**Try it**
Every line below from the one containing "2021年12月24日天津市" through the one containing "για τα Σκόπια." is to be printed exactly, with the pictures omitted.

**Records supplied**
::::

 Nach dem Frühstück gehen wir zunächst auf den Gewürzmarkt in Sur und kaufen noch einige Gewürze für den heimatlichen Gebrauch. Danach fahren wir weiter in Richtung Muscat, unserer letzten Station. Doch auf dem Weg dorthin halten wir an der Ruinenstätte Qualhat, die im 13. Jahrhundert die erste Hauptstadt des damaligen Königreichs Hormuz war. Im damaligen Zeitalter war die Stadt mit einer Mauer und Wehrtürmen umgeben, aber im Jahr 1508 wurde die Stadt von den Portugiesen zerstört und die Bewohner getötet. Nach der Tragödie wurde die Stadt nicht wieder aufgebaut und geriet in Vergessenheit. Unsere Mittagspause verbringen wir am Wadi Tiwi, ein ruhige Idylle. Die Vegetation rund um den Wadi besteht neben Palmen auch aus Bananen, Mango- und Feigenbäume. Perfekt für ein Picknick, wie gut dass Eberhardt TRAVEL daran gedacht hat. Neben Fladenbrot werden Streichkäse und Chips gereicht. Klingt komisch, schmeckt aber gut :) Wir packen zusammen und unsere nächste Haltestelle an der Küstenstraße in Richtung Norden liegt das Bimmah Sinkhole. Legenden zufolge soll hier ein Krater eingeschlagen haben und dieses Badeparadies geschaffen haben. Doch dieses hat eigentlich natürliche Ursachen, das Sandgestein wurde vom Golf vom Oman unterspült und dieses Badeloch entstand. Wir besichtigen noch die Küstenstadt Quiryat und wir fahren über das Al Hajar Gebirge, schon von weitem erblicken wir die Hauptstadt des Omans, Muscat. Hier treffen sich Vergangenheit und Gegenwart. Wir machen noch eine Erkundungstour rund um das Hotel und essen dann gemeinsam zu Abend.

::::

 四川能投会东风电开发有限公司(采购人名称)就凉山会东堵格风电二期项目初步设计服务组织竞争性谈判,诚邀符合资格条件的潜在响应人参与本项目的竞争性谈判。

::::

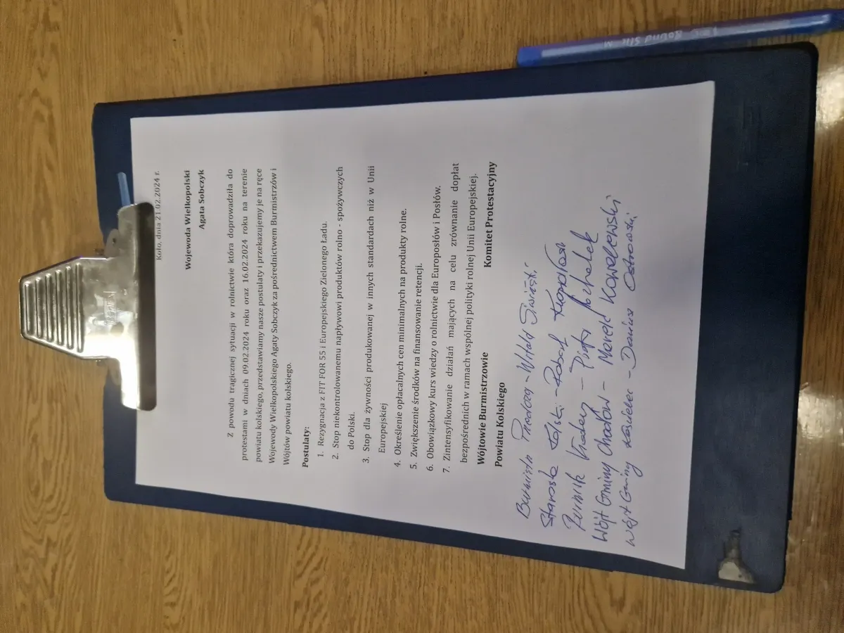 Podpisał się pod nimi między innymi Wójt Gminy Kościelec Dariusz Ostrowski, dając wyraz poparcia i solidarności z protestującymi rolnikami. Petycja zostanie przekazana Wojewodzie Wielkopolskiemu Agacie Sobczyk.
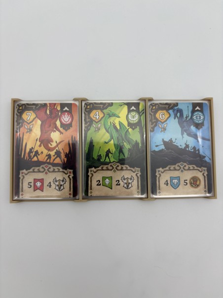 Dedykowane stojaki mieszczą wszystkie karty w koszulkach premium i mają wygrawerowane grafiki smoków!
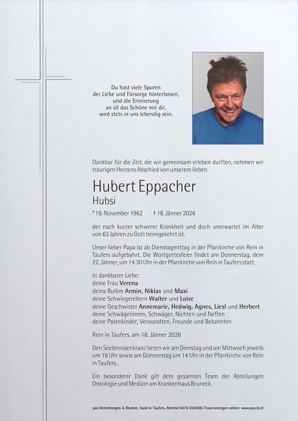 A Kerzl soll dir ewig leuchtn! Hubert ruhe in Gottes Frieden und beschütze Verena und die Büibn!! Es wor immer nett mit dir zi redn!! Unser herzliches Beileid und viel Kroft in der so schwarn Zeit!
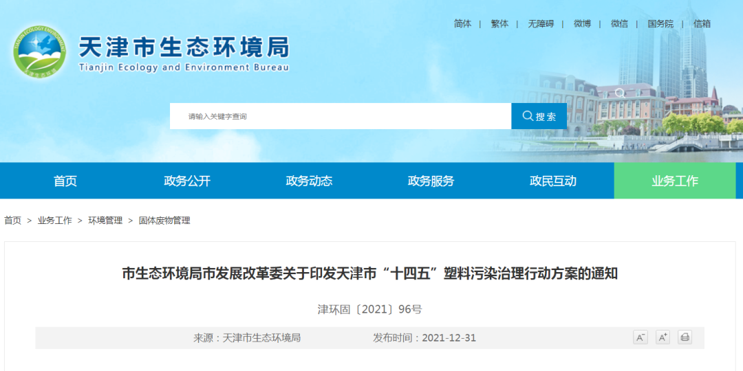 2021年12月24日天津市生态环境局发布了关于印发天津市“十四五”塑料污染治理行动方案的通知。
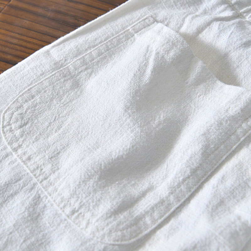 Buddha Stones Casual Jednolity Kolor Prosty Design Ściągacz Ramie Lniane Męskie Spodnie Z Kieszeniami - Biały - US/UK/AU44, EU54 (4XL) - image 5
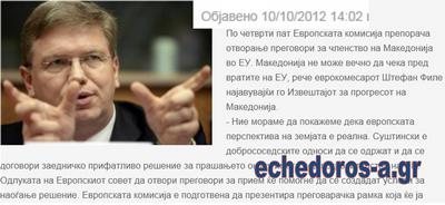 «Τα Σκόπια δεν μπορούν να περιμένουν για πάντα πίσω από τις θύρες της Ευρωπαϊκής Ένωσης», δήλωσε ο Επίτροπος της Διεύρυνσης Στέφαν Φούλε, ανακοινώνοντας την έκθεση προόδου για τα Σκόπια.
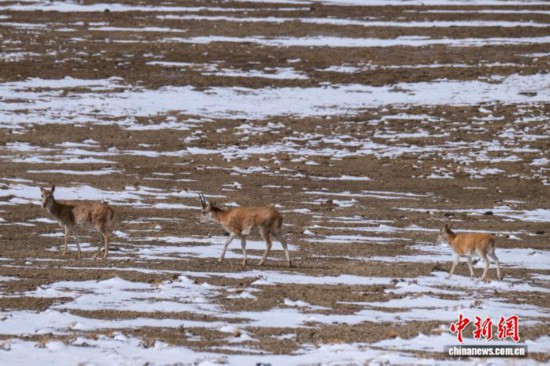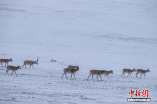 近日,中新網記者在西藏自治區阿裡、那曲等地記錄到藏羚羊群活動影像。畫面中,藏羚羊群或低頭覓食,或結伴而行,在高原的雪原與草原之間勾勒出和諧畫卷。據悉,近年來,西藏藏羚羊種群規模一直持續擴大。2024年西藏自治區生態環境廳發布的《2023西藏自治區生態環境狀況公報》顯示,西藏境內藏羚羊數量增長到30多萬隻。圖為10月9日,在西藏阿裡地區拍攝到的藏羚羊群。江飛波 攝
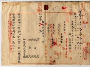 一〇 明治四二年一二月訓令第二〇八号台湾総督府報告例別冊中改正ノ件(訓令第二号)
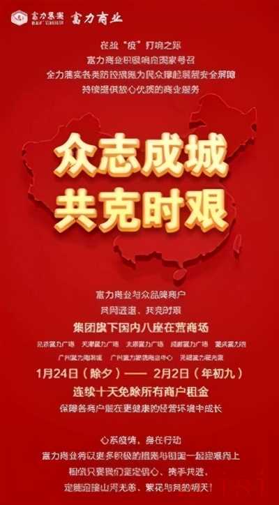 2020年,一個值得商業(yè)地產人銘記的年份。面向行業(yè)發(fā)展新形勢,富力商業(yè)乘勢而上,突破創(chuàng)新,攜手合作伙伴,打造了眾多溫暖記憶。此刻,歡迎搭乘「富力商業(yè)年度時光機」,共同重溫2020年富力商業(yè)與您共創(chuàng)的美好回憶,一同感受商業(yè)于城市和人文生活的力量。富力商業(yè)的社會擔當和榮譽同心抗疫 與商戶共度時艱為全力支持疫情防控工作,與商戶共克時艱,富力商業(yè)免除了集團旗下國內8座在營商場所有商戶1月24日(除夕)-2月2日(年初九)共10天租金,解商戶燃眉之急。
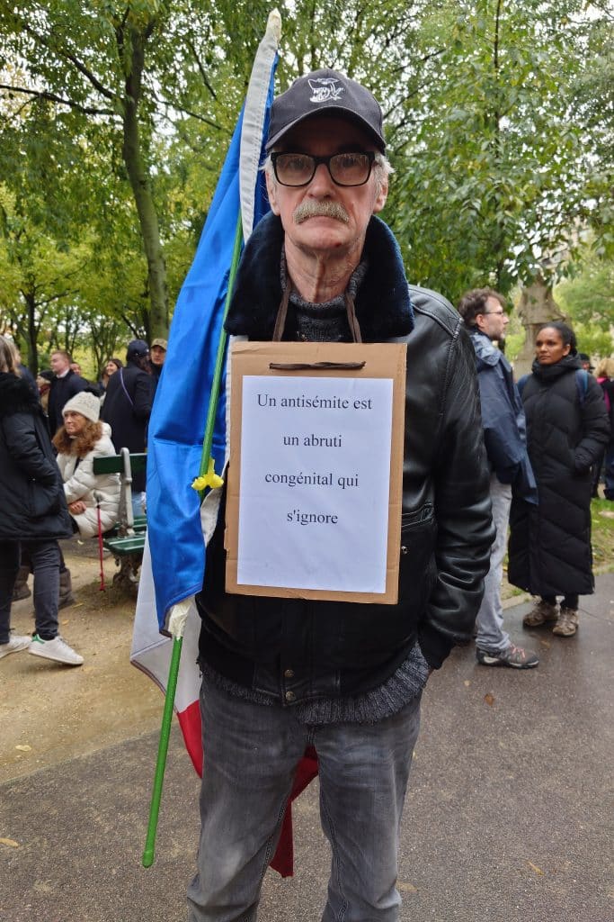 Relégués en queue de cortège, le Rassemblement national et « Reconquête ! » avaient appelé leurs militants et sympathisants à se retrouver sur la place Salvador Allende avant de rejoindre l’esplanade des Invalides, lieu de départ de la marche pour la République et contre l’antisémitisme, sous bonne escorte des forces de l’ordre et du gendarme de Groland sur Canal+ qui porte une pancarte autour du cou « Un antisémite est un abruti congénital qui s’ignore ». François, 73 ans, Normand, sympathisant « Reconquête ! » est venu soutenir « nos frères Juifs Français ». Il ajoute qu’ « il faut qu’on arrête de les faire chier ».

::::

**Result below**
 2021年12月24日天津市生态环境局发布了关于印发天津市“十四五”塑料污染治理行动方案的通知。
 Buddha Stones Casual Jednolity Kolor Prosty Design Ściągacz Ramie Lniane Męskie Spodnie Z Kieszeniami - Biały - US/UK/AU44, EU54 (4XL) - image 5
 «Τα Σκόπια δεν μπορούν να περιμένουν για πάντα πίσω από τις θύρες της Ευρωπαϊκής Ένωσης», δήλωσε ο Επίτροπος της Διεύρυνσης Στέφαν Φούλε, ανακοινώνοντας την έκθεση προόδου για τα Σκόπια.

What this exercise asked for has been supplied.